In the zero-knowledge proof, there must be a person like the right, we call him Bob, and the left may be an untrusted machine. At this point, suppose that Bob has a computing task to be handed over to the machine on the left to run, but the machine itself may be controlled by humans. Bob needs to use a "F ()" function as a calculation task, bring the input "X", and hand it over to the left machine to let it complete the calculation task. Because this calculation process took place on the machine on the left, Bob has not witnessed the entire calculation process, so why does Bob believe that the formula of the calculation result Y=F (X, W) can be established. Moreover, some secret data (W) that only the machine on the left knows is mixed in the calculation process, but Bob does not have W, so Bob cannot know whether the calculation result is correct by repeating the calculation process. Under such circumstances, can Bob still believe that the calculation result is correct?

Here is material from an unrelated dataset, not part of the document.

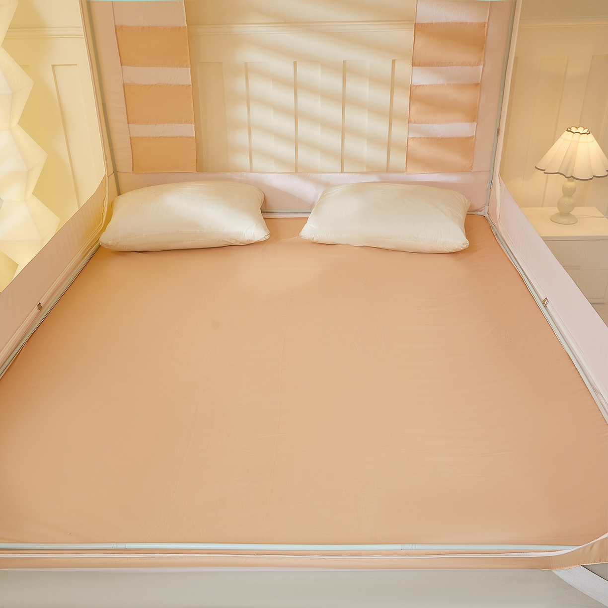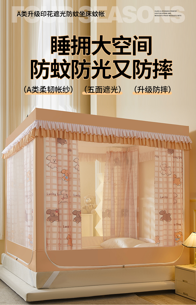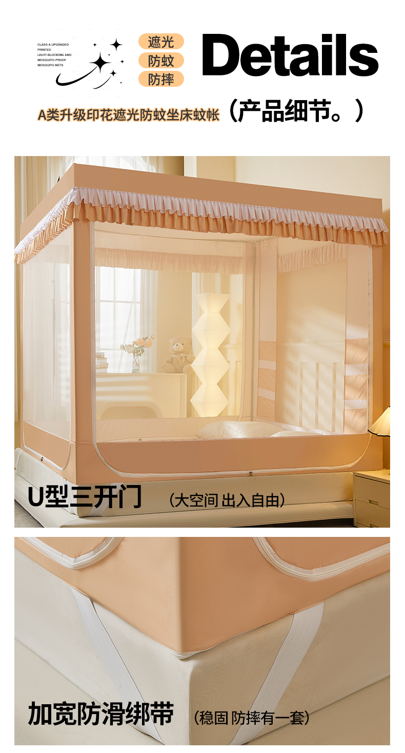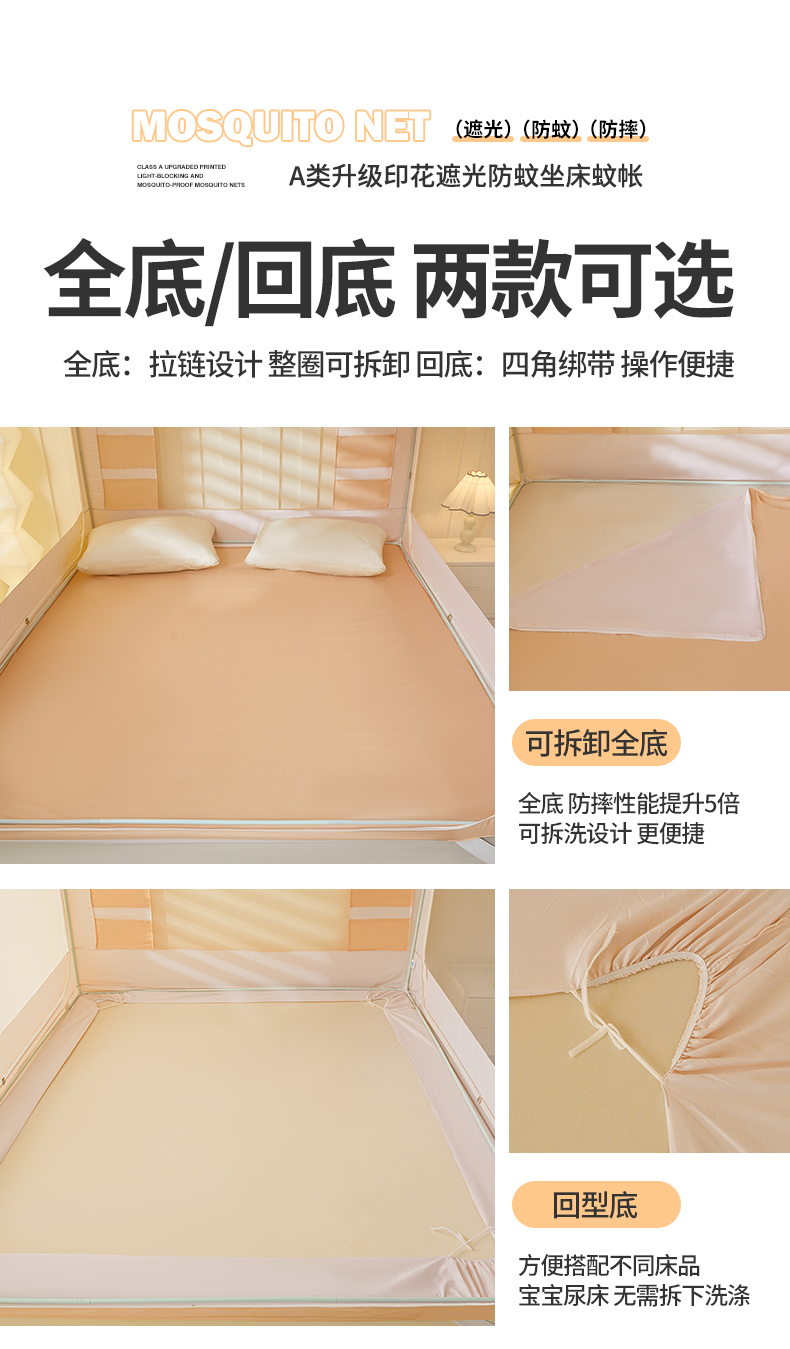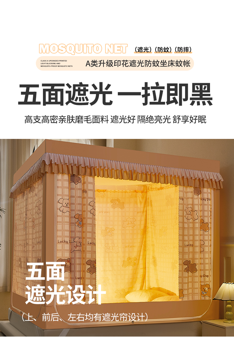 2025新款2602四季款纯色遮光帘坐床蚊帐全底回底双排储物袋

In a word, zero-knowledge proof can magically convince Bob that the calculation result is correct. This sounds a bit unbelievable, the trust calculation result Y is based on the distrust of the left machine, that is to say, the zero-knowledge proof that it generates some trust out of thin air, which is exactly the counter-intuition. It's very, very interesting to imagine that, when two people don't trust each other at all, there is something that can build trust.

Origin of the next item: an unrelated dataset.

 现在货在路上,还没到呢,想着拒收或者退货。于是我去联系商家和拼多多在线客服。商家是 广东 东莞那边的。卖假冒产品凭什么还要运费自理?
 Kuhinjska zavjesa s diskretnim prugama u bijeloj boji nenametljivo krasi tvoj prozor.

Counter-intuitive zero-knowledge proof Let me summarize, it can be understood as follows: the integrity and confidentiality of a remote computing process can be guaranteed.
1. Integrity. Although I haven't seen the calculation process happening remotely, although I haven't witnessed its process, I know that the calculation process must have happened in real life, and the calculation result is correct, which means that the calculation process has not been maliciously modified or been forged.

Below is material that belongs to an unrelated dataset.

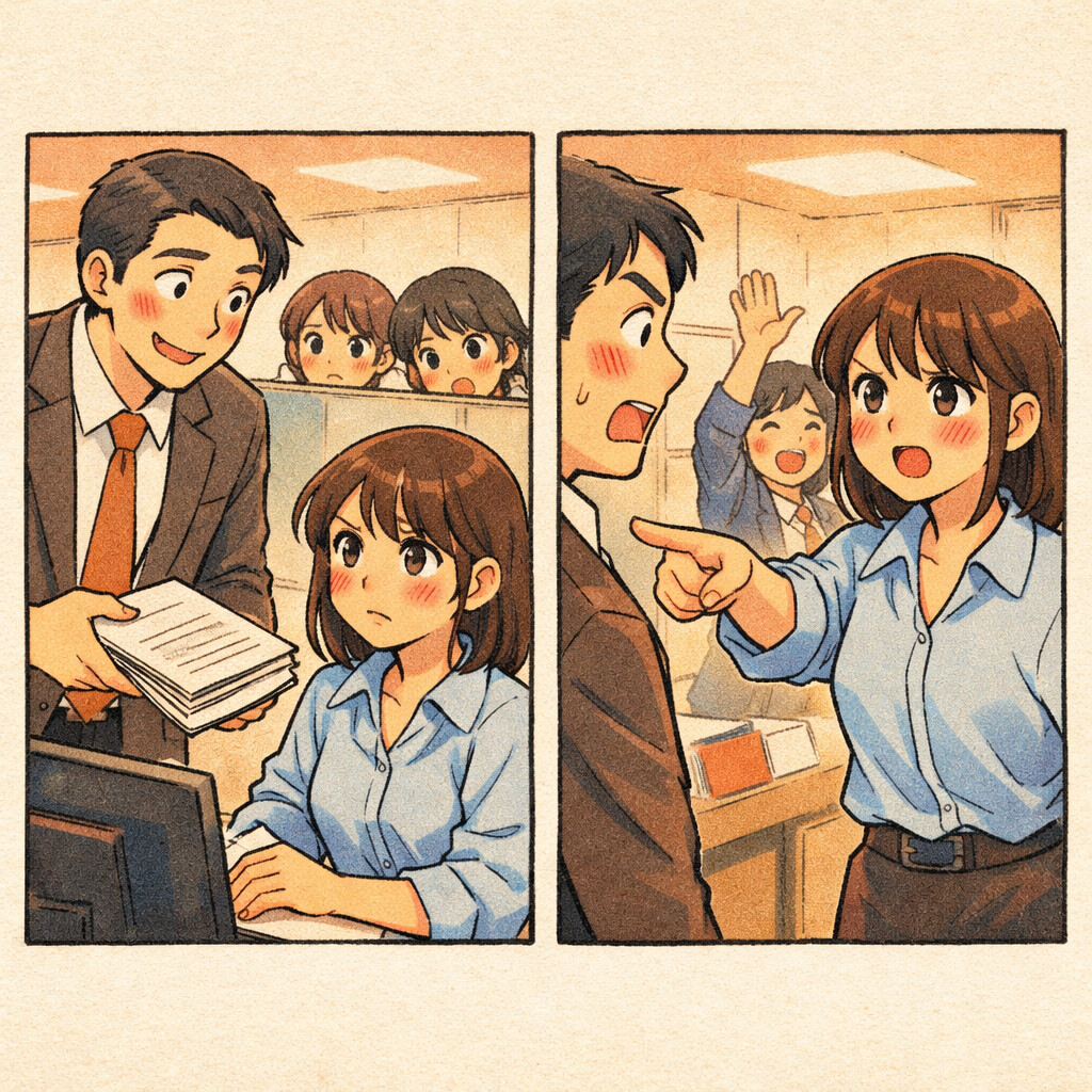 「君なら安心だから」と毎回雑務を押し付けてくる上司。だが、私の正論をうけ空気が一変
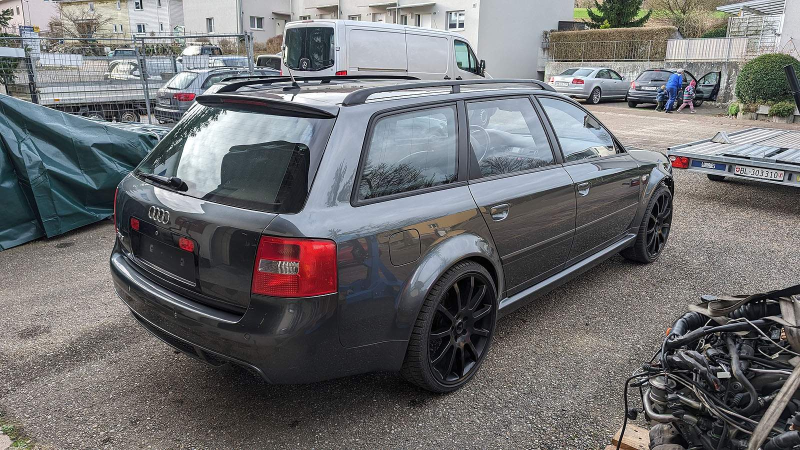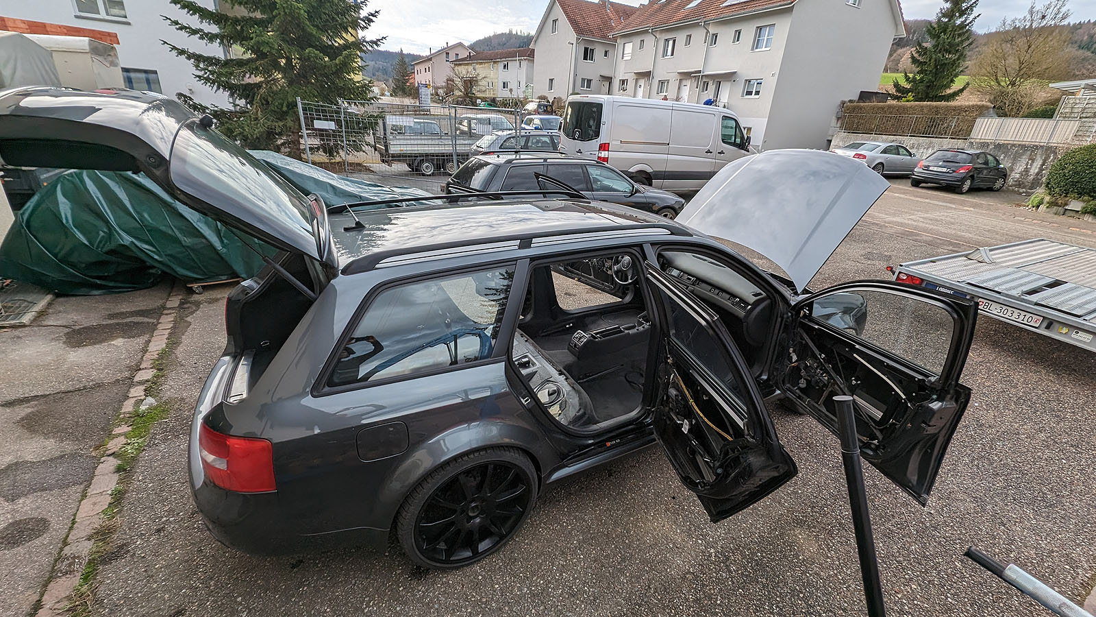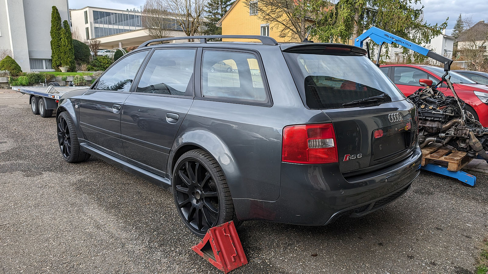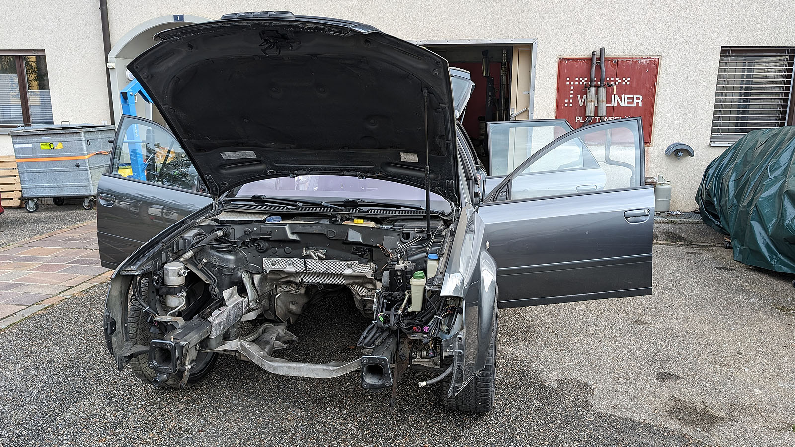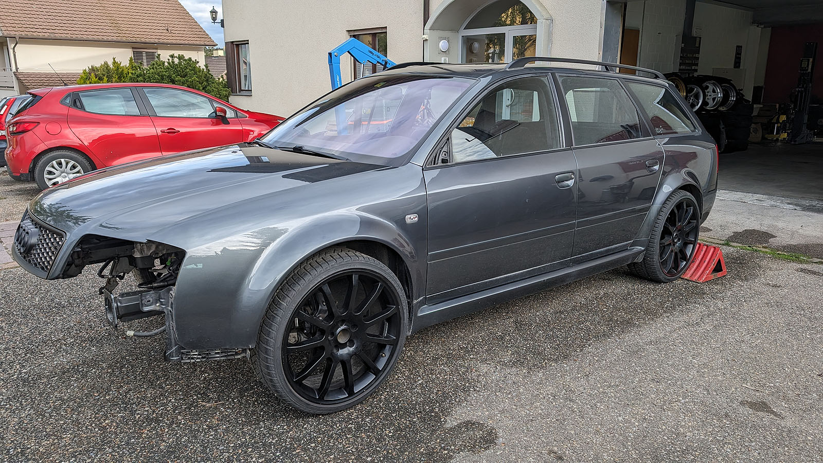 Audi RS6 C5 V8 Buturbo teilzerlegt. Es fehlen Motor mit Getriebe, Antriebswellen und Kardanwelle, Aussenspiegel, Frontstange, Scheinwerfer, Maske mit Kühlern, Motorsteuergerät, Dekorleisten Innenraum, Sitze und Türverkleidungen, Mittelkonsole mit MAL, Tacho, Bremssättel mit Scheiben/Belägen/Blechen, Hosenrohre/Kats mit Auspuffanlage.

2. Confidentiality. Although I cannot witness the calculation process, and it is impossible to know some intermediate results in the calculation process, and it is impossible to know some information inside it, so the entire calculation process, including some secret inputs, is confidential and confidential to me .
This is what counterintuitive zero-knowledge proofs can achieve. What is the use of zero-knowledge proof? I think the most direct use is the so-called "data privacy protection". I briefly listed some, such as personal data: health data, bank statements, travel arrangements, communication records. In fact, we don't want anyone to know our health status, including heartbeat, medical records, and how much money we spend every day. But we also want to enjoy third-party services, such as going out to take a taxi. We want some people to know where we are, but we don’t want others to know, or we only want him to know a general place, and we don’t want him to know the specifics. Location.
Enterprise data: personnel files, warehousing and logistics, financial ledgers, customer information, traditionally these are very confidential data, but in order to maximize the effect of inter-enterprise collaboration, some data must be shared. Zero-knowledge proof provides a way to ensure data privacy and share data at the same time, so its biggest impact on our future life and work is to provide a very effective data privacy protection technology.
Zero-knowledge proof still has many interesting uses in the underlying technology of the blockchain. Since the zero-knowledge proof was proposed in 1985, it has remained at the level of theoretical results for a long time until the blockchain technology has been applied on a large scale, probably since 2015. Year - 2020, zero-knowledge proofs are widely used on the blockchain. Including block compression, protection of transaction anonymity, identity privacy, shared data, off-chain data storage integrity, etc., technical friends in the blockchain industry should be familiar with these.
zkSNARK
Next, two very basic concepts are introduced.
Non-interactive zero-knowledge proofs
As we mentioned earlier, when the zero-knowledge proof was proposed, a new innovation was made to the "proof" paradigm. In the past, the proof was written on paper. For example, the teacher asked a question for an exam. come out. The zero-knowledge proof is an interactive proof. By talking to the teacher, you can convince the teacher to believe me without telling the teacher any proof process.
Why are there non-interactive zero-knowledge proofs again? Non-interactive zero-knowledge proofs use some special techniques to fold the interactive proof process into non-interactive zero-knowledge proofs. Non-interactive zero-knowledge proofs are more widely used in the blockchain field.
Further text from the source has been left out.